[[ PROVIDED DATA open ]]

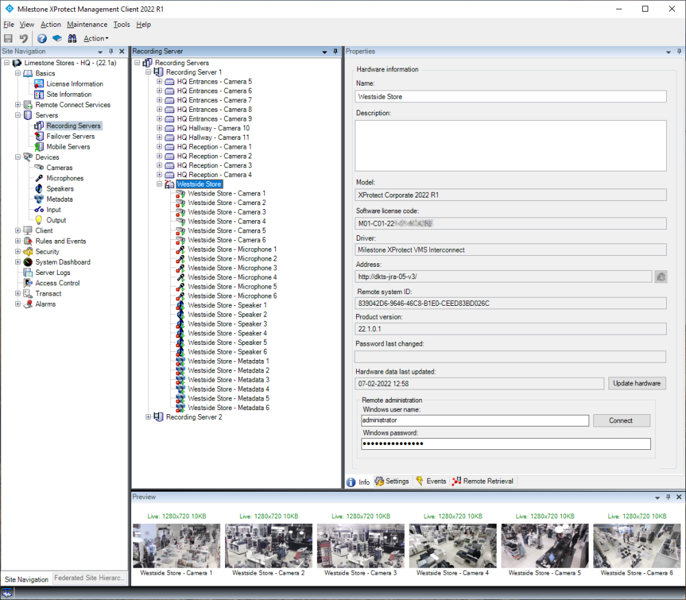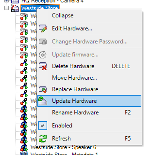 Furthermore, it has an ‘Update Hardware’ function which refreshes the configuration to match what can be accessed on the interconnected site. This function must be used if changes are made on the interconnected site, such as adding a new camera that should be available to the central site.
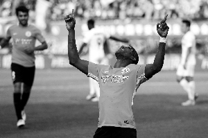 阿約維慶祝進(jìn)球。 新華社發(fā)
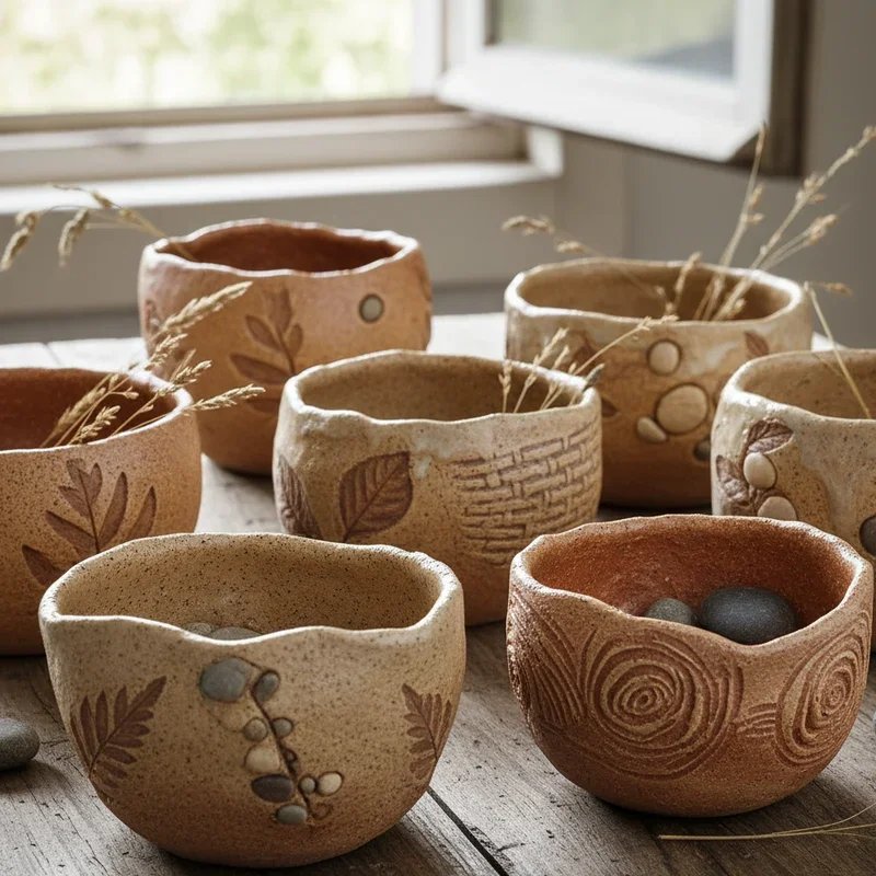 Pinch pots represent pottery in its purest form, requiring nothing but clay, your hands, and creativity. Start with a ball of clay, press your thumb into the center, then pinch and rotate to create walls of even thickness. The magic happens when you add texture using natural objects like leaves, lace, shells, or tree bark pressed into the soft clay surface. These impressions create stunning organic patterns that connect your pottery to nature itself. Perfect for beginners, pinch pots teach fundamental techniques while producing beautiful results immediately. Use them as small planters, jewelry holders, or decorative bowls that showcase nature's own designs. The imperfections become features rather than flaws, celebrating the handmade quality. Experiment with different clay bodies and glazes to enhance the textured surfaces you've created.

[[ PROVIDED DATA closed ]]

• **REQUIRED WORK**: The required answer is the material repeated exactly, with no images in it.

• **WRITTEN REPLY**:
 Furthermore, it has an ‘Update Hardware’ function which refreshes the configuration to match what can be accessed on the interconnected site. This function must be used if changes are made on the interconnected site, such as adding a new camera that should be available to the central site.
 阿約維慶祝進(jìn)球。 新華社發(fā)
 Pinch pots represent pottery in its purest form, requiring nothing but clay, your hands, and creativity. Start with a ball of clay, press your thumb into the center, then pinch and rotate to create walls of even thickness. The magic happens when you add texture using natural objects like leaves, lace, shells, or tree bark pressed into the soft clay surface. These impressions create stunning organic patterns that connect your pottery to nature itself. Perfect for beginners, pinch pots teach fundamental techniques while producing beautiful results immediately. Use them as small planters, jewelry holders, or decorative bowls that showcase nature's own designs. The imperfections become features rather than flaws, celebrating the handmade quality. Experiment with different clay bodies and glazes to enhance the textured surfaces you've created.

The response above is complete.